→ Material supplied:
+++++

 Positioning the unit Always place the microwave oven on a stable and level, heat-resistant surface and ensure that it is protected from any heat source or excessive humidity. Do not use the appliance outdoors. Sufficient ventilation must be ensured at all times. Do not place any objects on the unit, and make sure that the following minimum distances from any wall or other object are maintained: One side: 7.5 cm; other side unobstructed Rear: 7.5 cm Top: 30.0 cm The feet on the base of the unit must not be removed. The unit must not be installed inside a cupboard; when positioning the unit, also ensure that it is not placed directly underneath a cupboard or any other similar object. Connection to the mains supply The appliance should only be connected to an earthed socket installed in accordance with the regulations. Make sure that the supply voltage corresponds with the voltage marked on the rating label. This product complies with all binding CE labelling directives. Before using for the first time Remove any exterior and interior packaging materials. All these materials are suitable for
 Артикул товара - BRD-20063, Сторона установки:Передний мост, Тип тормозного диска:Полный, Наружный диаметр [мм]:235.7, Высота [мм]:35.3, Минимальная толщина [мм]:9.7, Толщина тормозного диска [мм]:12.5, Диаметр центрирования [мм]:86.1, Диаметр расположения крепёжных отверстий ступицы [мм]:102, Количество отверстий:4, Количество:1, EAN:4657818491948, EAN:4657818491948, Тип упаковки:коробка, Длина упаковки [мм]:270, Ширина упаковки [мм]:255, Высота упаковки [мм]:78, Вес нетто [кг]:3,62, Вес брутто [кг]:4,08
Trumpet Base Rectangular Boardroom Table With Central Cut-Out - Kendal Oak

+++++

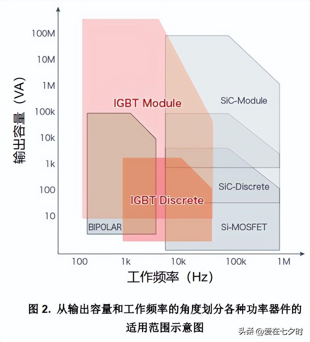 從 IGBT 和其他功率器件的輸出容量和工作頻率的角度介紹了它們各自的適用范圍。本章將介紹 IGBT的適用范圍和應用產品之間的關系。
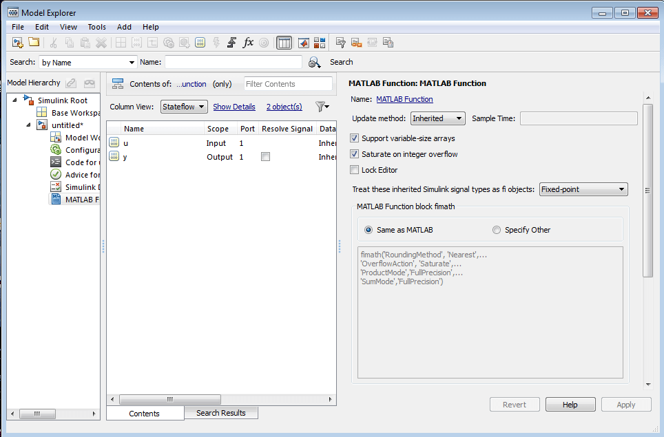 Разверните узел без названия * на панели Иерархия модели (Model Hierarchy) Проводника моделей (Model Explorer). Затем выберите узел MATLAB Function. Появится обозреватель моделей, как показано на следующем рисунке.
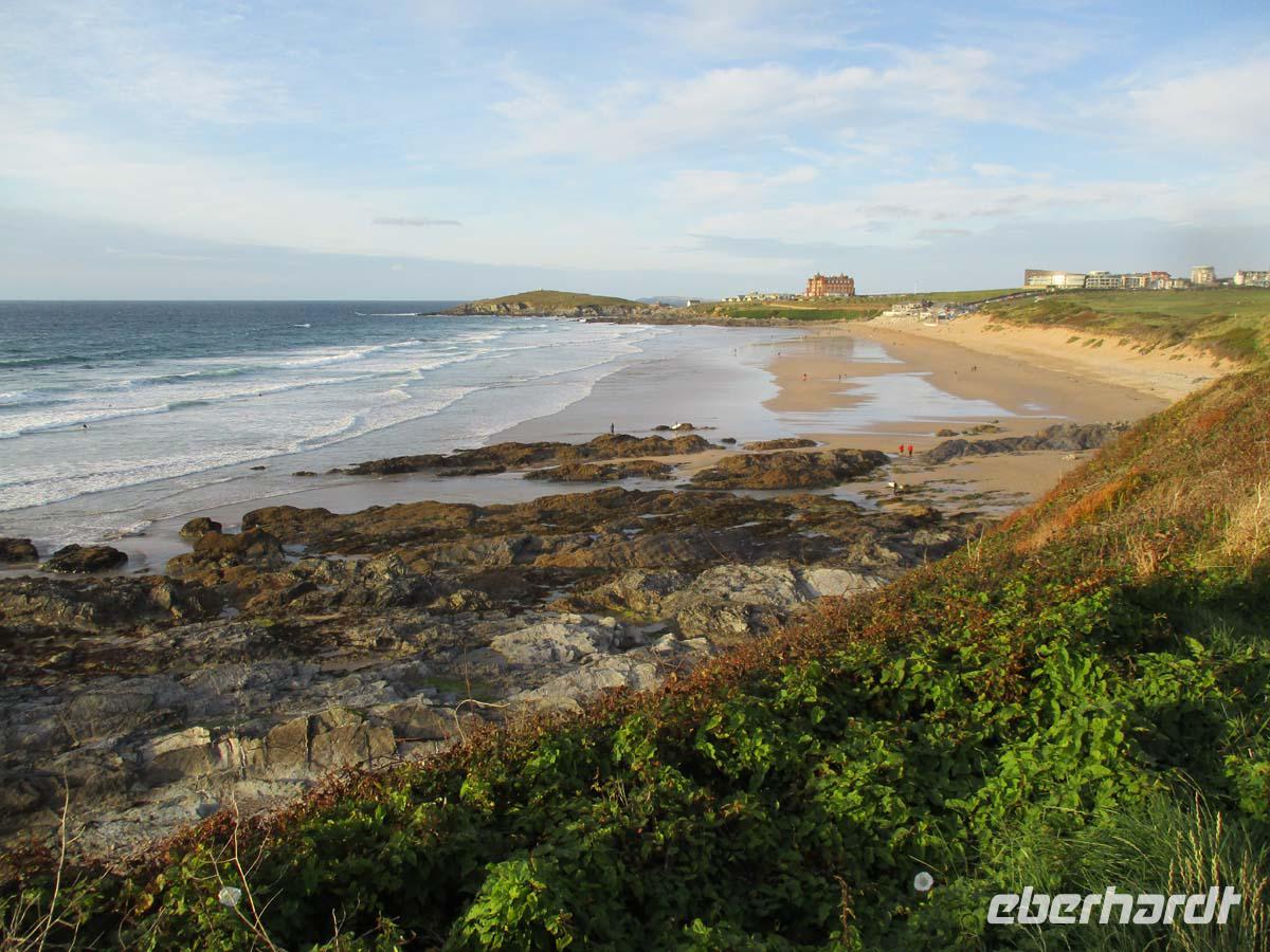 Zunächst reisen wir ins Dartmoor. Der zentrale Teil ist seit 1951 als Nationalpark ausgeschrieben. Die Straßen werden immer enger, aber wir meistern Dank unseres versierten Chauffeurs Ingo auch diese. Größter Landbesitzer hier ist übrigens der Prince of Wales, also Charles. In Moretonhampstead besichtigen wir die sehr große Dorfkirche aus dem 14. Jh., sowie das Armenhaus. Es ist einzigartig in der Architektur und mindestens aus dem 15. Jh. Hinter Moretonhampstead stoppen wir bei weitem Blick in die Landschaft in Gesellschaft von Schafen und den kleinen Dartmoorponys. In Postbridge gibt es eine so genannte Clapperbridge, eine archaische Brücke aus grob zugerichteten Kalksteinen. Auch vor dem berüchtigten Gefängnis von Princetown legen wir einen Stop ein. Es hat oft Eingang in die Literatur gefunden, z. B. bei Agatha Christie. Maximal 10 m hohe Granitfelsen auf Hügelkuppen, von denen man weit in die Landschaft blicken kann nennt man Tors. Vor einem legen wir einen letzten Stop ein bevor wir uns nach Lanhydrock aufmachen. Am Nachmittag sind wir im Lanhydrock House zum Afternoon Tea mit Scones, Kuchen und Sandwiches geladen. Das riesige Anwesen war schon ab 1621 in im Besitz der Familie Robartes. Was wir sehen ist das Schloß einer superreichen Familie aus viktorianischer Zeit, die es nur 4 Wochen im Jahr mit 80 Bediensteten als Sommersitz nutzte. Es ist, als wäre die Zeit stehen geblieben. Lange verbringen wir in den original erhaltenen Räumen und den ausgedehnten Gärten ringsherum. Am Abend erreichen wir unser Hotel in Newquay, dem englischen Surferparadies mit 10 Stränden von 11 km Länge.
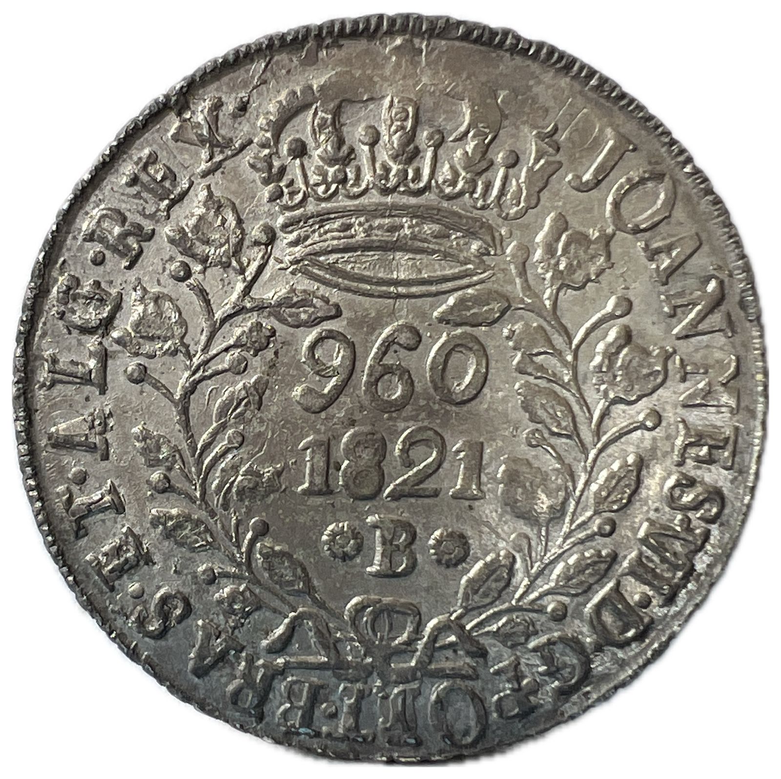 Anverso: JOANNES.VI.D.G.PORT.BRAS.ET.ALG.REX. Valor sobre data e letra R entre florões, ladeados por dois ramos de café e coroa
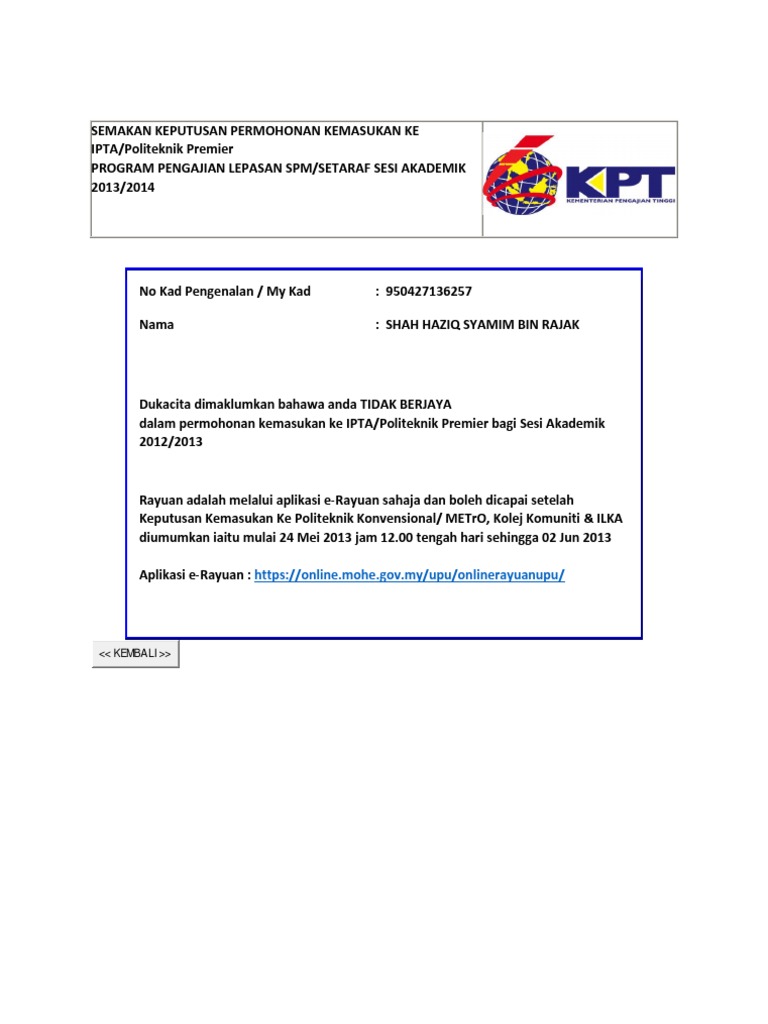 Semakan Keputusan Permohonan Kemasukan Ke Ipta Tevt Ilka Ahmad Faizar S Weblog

+++++

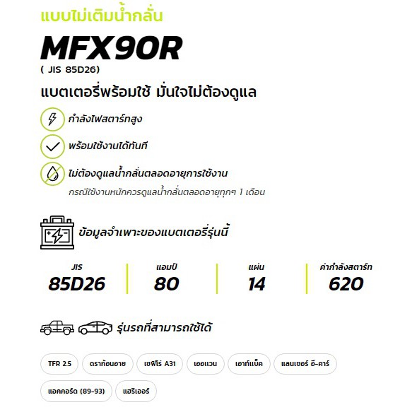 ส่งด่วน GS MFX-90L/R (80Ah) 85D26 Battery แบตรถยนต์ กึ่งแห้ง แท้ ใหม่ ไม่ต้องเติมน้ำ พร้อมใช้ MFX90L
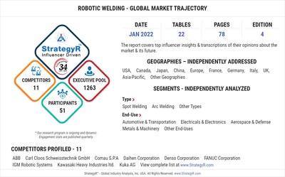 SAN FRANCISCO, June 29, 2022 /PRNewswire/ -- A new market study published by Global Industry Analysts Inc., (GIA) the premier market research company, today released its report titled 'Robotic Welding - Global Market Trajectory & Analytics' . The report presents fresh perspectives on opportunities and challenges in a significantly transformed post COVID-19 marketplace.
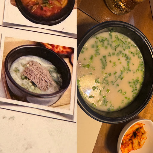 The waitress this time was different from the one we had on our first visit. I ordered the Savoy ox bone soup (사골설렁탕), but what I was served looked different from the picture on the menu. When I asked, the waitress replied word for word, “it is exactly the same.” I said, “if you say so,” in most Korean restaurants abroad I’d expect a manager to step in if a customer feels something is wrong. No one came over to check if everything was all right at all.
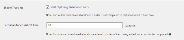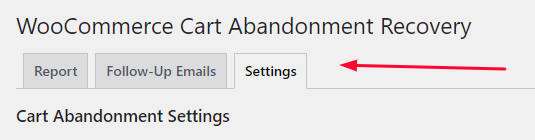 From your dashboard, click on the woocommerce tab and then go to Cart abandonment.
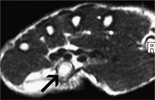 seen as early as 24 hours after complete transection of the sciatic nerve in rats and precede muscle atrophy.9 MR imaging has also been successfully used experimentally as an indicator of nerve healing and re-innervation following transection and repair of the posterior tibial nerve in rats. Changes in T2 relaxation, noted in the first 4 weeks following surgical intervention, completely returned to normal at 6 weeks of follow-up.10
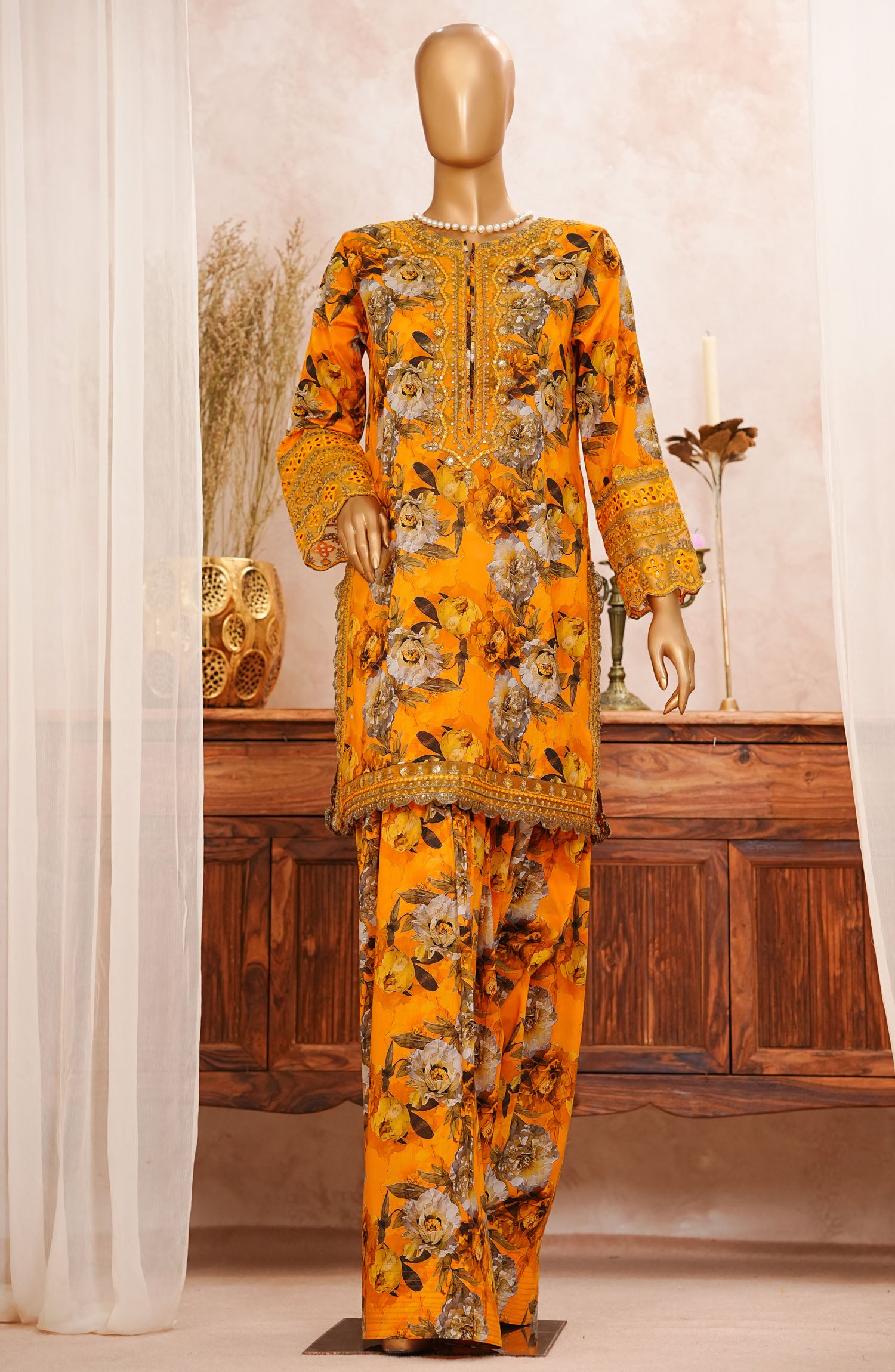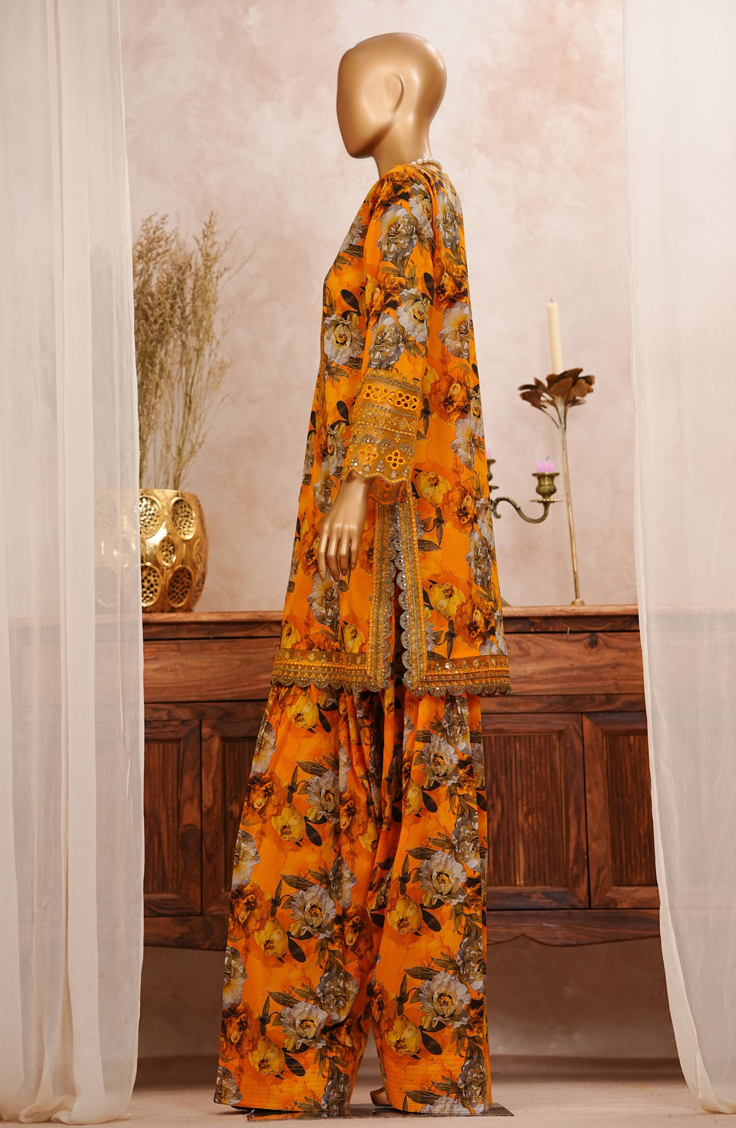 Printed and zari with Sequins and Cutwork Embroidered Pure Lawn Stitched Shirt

+++++

→ Exercise goal: Everything above from the line with "seen as early" through the line with "Printed and zari" should be retyped exactly, and nothing else; omit pictures.

→ Your solution:
 seen as early as 24 hours after complete transection of the sciatic nerve in rats and precede muscle atrophy.9 MR imaging has also been successfully used experimentally as an indicator of nerve healing and re-innervation following transection and repair of the posterior tibial nerve in rats. Changes in T2 relaxation, noted in the first 4 weeks following surgical intervention, completely returned to normal at 6 weeks of follow-up.10
 Printed and zari with Sequins and Cutwork Embroidered Pure Lawn Stitched Shirt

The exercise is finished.